Die nächste Zinsentscheidung steht am 30. April an. Analysten und Marktteilnehmer rechnen überwiegend damit, dass die EZB ihrem Leitzins bei 2,00 Prozent belassen wird. ESTR-Forwards preisen auch für Juni eine Zinsanhebung um 25 Basispunkte nur zu gut 60 Prozent ein.
Lagarde verwies darauf, dass die Spot- und Terminkurse für Öl derzeit über den Annahmen des Basisszenarios der EZB lägen, dass aber die Märkte darauf zu wetten schienen, dass die Störung von kurzer Dauer sein werde. "Die europäischen Erdgaspreise liegen unter unserem Basisszenario, was unter anderem den Wechsel von Gas zu Kohle in Asien und das relativ milde Wetter in China widerspiegelt", fügte sie hinzu.
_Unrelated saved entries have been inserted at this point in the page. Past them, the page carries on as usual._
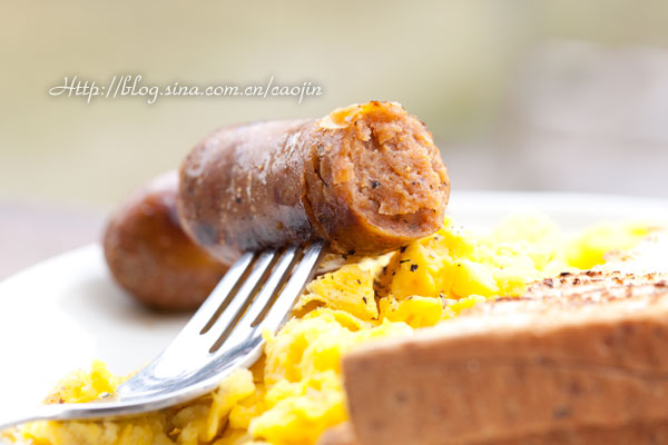 因为香肠是生的,所以可以冷冻保存。需要的时候煎着吃~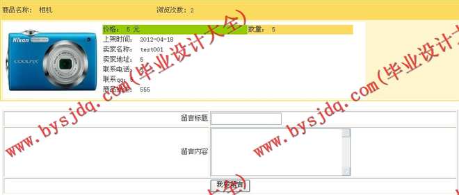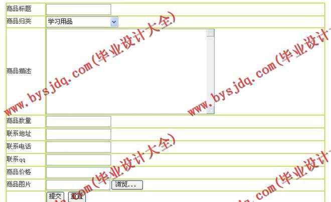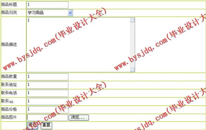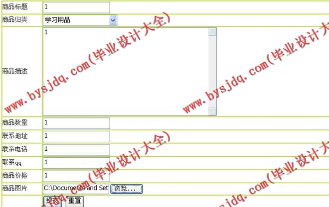会员登录之后可进行商品发布操作,发布一个商品需要填写的信息有商品标题、商品归类、商品描述、商品数量、联系地址、联系电话、联系QQ、商品价格、商品图片。发布商品时,当其中任意一项填写为空时,系统将有相应的“不能为空”提示。其中商品的图片可通过“浏览”窗口进行上传,当这一项为空时系统将提示“上载失败!
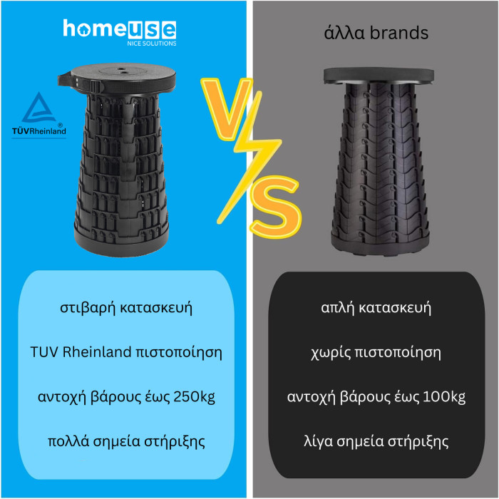 HOME USE πτυσσόμενο καρεκλάκι HUH-0230, αντοχή έως 250kg, 25.5x45cm, μαύρο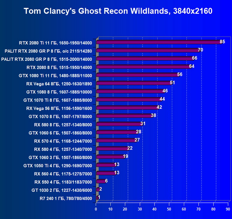 | 13 | RTX 2080 8 ГБ, 1515—1950/14000 | 722 | 4620 | 63 990 |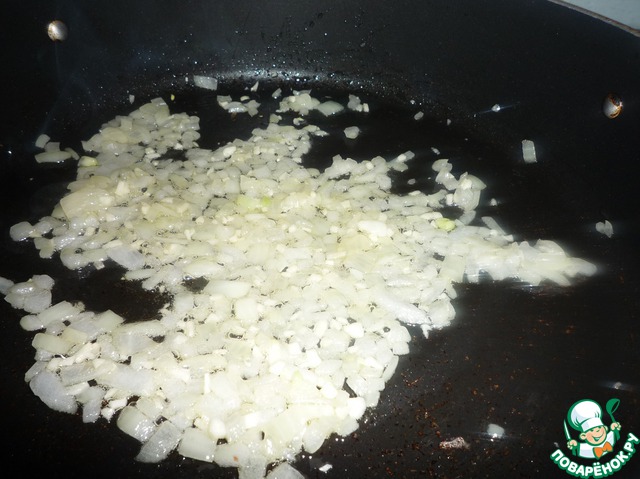Налить в глубокую сковородку масло, пассeруем лук, чеснок.
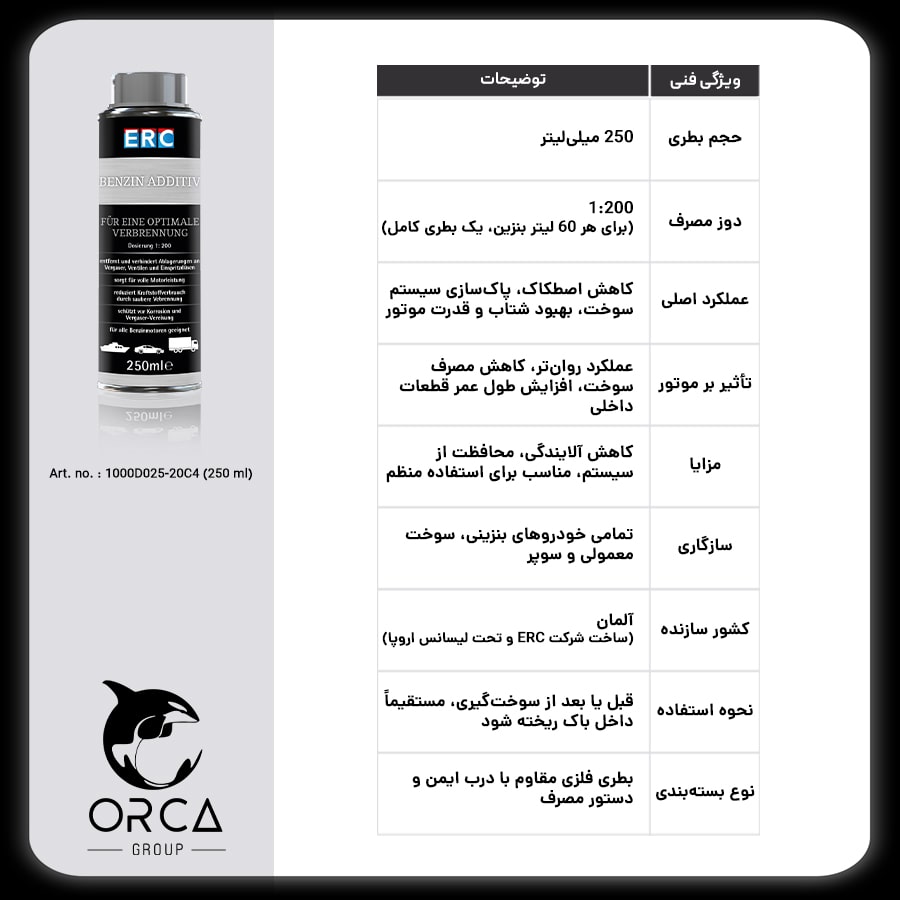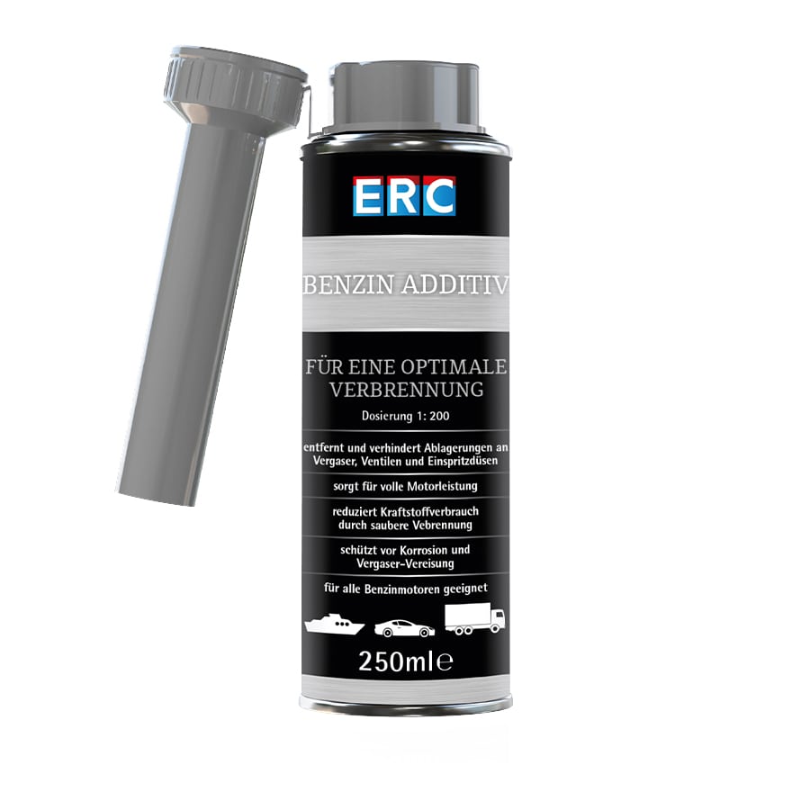 مکمل ERC Petrol Additive محصولی تخصصی از شرکت ERC آلمان است که برای نگهداری منظم و پیشگیرانه از سیستم سوخت خودروهای بنزینی طراحی شده. این افزودنی با نسبت مصرف 1:200 استفاده میشود و هر بطری ۲۵۰ میلیلیتری آن برای ۶۰ لیتر بنزین مناسب است.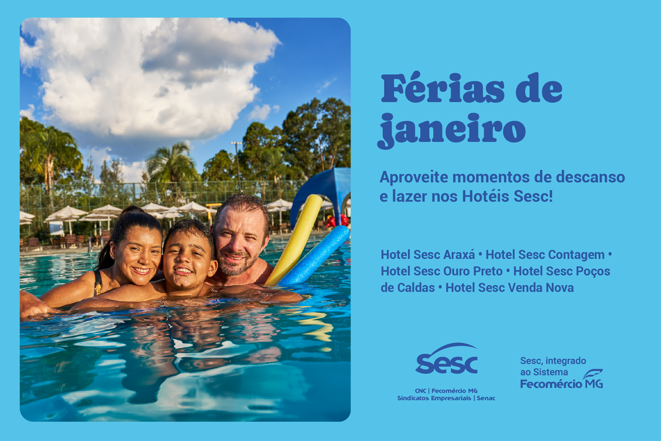 Nas férias de janeiro de 2026, aproveite momentos de descanso e lazer nos Hotéis Sesc.

Falls der Konflikt schnell gelöst werde, könnte sich der direkte Energiepreisschock am unteren Ende der Erwartungen bewegen - und die wirtschaftlichen Auswirkungen blieben begrenzt.
"Der Ausblick bleibt jedoch fragil - und schlechtere Verläufe sind nach wie vor möglich", warnte sie zugleich. Die EZB müsse bereit sein zu handeln, sobald sei über die erforderlichen Informationen verfüge.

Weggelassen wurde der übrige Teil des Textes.